■ Directions for this task ■
Skip every picture, and copy exactly the lines from the one containing "V.l.n.r.: Mag. Peter" to the end of the data.

==== Given material ====

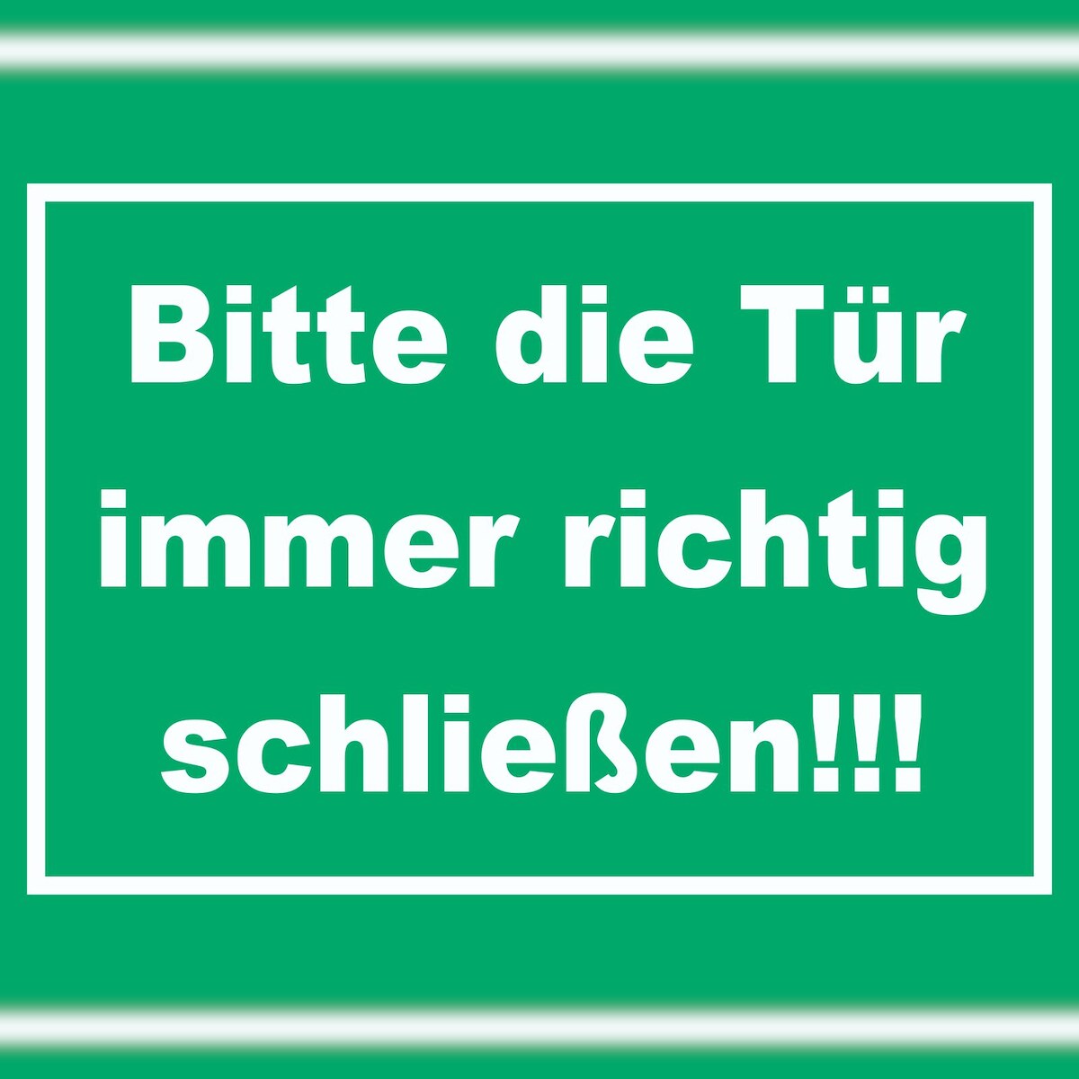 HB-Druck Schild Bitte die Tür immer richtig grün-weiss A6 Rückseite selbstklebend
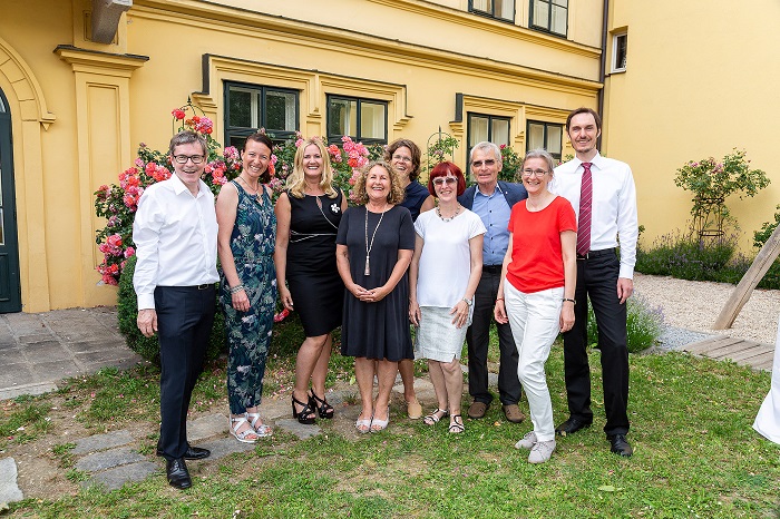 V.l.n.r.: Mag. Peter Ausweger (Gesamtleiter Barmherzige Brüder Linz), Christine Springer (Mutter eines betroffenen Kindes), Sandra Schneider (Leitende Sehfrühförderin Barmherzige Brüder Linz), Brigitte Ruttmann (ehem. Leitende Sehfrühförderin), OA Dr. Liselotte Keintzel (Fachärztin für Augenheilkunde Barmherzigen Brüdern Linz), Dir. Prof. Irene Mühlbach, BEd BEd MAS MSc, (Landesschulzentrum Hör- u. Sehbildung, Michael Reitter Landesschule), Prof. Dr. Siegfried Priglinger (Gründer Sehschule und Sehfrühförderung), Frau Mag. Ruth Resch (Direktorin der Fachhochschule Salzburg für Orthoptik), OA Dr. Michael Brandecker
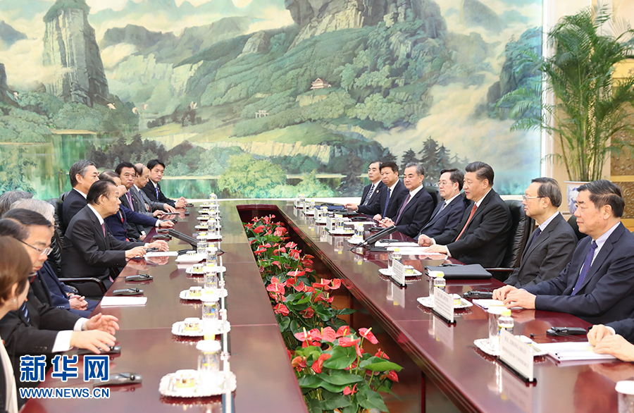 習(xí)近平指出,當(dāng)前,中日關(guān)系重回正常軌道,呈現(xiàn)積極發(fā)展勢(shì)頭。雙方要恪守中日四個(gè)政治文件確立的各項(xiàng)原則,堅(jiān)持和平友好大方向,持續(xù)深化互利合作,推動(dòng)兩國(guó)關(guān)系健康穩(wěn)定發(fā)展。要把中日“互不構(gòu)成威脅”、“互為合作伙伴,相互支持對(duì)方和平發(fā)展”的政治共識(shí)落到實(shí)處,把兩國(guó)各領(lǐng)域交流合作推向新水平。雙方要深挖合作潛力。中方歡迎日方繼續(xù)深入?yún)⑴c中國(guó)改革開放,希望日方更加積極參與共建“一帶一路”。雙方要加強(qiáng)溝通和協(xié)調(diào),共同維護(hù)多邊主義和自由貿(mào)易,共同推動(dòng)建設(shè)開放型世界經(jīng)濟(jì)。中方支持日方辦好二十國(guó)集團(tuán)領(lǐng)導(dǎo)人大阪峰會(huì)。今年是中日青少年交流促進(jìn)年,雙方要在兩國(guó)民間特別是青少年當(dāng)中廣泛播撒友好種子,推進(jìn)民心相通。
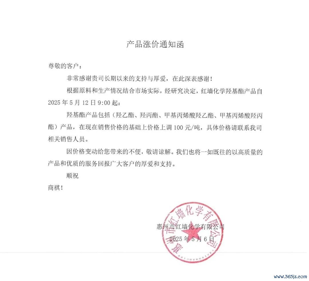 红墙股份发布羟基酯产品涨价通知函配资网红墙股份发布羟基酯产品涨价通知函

====

■ Response ■
 V.l.n.r.: Mag. Peter Ausweger (Gesamtleiter Barmherzige Brüder Linz), Christine Springer (Mutter eines betroffenen Kindes), Sandra Schneider (Leitende Sehfrühförderin Barmherzige Brüder Linz), Brigitte Ruttmann (ehem. Leitende Sehfrühförderin), OA Dr. Liselotte Keintzel (Fachärztin für Augenheilkunde Barmherzigen Brüdern Linz), Dir. Prof. Irene Mühlbach, BEd BEd MAS MSc, (Landesschulzentrum Hör- u. Sehbildung, Michael Reitter Landesschule), Prof. Dr. Siegfried Priglinger (Gründer Sehschule und Sehfrühförderung), Frau Mag. Ruth Resch (Direktorin der Fachhochschule Salzburg für Orthoptik), OA Dr. Michael Brandecker
 習(xí)近平指出,當(dāng)前,中日關(guān)系重回正常軌道,呈現(xiàn)積極發(fā)展勢(shì)頭。雙方要恪守中日四個(gè)政治文件確立的各項(xiàng)原則,堅(jiān)持和平友好大方向,持續(xù)深化互利合作,推動(dòng)兩國(guó)關(guān)系健康穩(wěn)定發(fā)展。要把中日“互不構(gòu)成威脅”、“互為合作伙伴,相互支持對(duì)方和平發(fā)展”的政治共識(shí)落到實(shí)處,把兩國(guó)各領(lǐng)域交流合作推向新水平。雙方要深挖合作潛力。中方歡迎日方繼續(xù)深入?yún)⑴c中國(guó)改革開放,希望日方更加積極參與共建“一帶一路”。雙方要加強(qiáng)溝通和協(xié)調(diào),共同維護(hù)多邊主義和自由貿(mào)易,共同推動(dòng)建設(shè)開放型世界經(jīng)濟(jì)。中方支持日方辦好二十國(guó)集團(tuán)領(lǐng)導(dǎo)人大阪峰會(huì)。今年是中日青少年交流促進(jìn)年,雙方要在兩國(guó)民間特別是青少年當(dāng)中廣泛播撒友好種子,推進(jìn)民心相通。
 红墙股份发布羟基酯产品涨价通知函配资网红墙股份发布羟基酯产品涨价通知函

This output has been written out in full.